People and Pets Win Together in 2010
Chances are, some of the resolutions you’ve made for yourself in 2010 will benefit your pets too! After all, we both could stand to be more active, watch what we eat and make new friends.
Interestingly, many of the resolutions pet experts recommend for our best friends are the same ones we make for ourselves. Perhaps working together with our pets will enhance our success in developing healthy habits for 2010.
Get trim in 2010
A recent national study by the Association for Pet Obesity Prevention (APOP) reported that more pets than ever are overweight or obese – over 44 percent of dogs and 57 percent of cats. And we pet parents have ourselves mostly to blame!
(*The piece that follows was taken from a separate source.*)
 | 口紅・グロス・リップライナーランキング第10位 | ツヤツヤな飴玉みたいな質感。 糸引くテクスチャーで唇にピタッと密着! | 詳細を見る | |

“The easiest way to help shed pounds off your pooch or kitty is to stop giving too many treats – table scraps, cookies, soft chews, etc.,” explains Veterinarian Autumn McKenzie at Oakhurst Veterinary Center in Seminole, Fla. “Each cookie is like a chocolate bar!” She suggests limiting pets to two or three treats per day and asking your veterinarian about “low fat” treats.
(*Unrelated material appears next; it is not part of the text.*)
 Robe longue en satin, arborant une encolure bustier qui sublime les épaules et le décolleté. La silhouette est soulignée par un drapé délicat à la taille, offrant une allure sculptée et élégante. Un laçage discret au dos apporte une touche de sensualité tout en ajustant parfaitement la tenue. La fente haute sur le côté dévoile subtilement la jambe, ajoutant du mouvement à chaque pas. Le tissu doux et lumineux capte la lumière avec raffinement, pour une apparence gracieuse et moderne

Another tip: cut back on the amount of food you offer your pet to reduce its calorie intake. Don’t always follow suggestions on the bag of dog or cat food – they may be wrong for your pet’s body size, stage of life or metabolism. Instead, contact your veterinarian to determine the appropriate amount to feed your pet each day.
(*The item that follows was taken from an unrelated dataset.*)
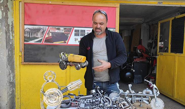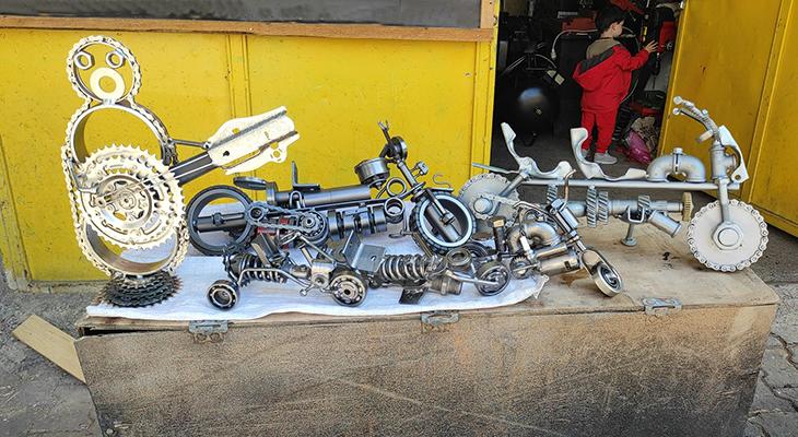 Direk, 30 metrekarelik atölyesinde somun, vida, zincir gibi metal artıkları da sanat eserine dönüştürüyor. Yalnız çalışan Direk, yarış motorları, klasik motosikletler, traktörler, gitar çalan adam figürü, makaralı sistemle kuyudan su çeken adam, kaynak yapan adam, kaplumbağa, örümcek ev eşyaları, bilgisayarda ders çalışan öğrenci gibi maketler yapıyor.

McKenzie also says to try meal feeding as opposed to buffet-style feeding. Offer your dog or cat two meals a day, and if Fido or Fluffy does not eat its food within an hour, take it away. If necessary, your veterinarian may recommend placing your pet on a prescription weight-loss diet that contains plenty of fiber to make him/her feel full on fewer calories.
Scamper and Pounce More
Fortunately, dogs love to exercise – er, I mean to play! Up the ante on your dog’s activity by taking an extra walk, doubling the length of your normal walk or finding a new dog park nearby for a special outing a few times a week. Your dog will love meeting (and sniffing) new dogs and you might make a new friend or two to boot!
Cats can be a bit more challenging when it comes to exercise, so you’ll have to be persistent and creative. “Find or create things for kitty that will be environmentally stimulating to reduce boredom and increase activity,” suggests Dr. Sonja Olson of Florida Veterinary Specialists in Tampa.
Olson adds that playtime is great bonding time for you and your pet. For best results, play with your cat. Just tossing kitty a toy and leaving the room is likely to result in a catnap instead of a calorie burning session!
Some pets make ideal exercise buddies, especially those that enjoy routine and have a fitness level compatible with that of their owner. However, not all pets are suited for extensive exercise. Be safe and schedule a visit with your pet’s vet before embarking on a fitness routine.
Mind Their Manners
If you need to polish your pet’s manners or spice up their command repertoire, talk to a trainer. Ask friends, family or your veterinarian to recommend a good one – one that uses positive techniques and positive reinforcement.
“Make some rules and be consistent,” says Bark Busters’ master dog behavioral therapist and trainer Jeff Drier. “Dogs, being dogs, expect and thrive on rules.”
Consistency is key. Don’t let Fido get away with something today and then correct him for it tomorrow. Dogs are life long learners; they love learning and will do so quickly if you make it fun and communicate with them on their level.
Cats respond to positive reinforcement as well. If your kitty can’t keep its claws off the living room furniture, try distracting him/her with toys or posts that are designed for scratching. Place scratching post or toys in areas your kitty loves to spend time. If your cat responds to catnip, sprinkle it on designated scratching areas to make them even more enticing. Be sure to praise your cat when he does scratch on an appropriate surface!
This year, make a New Year’s Resolution you can keep. Help your pet live a healthier, happier life.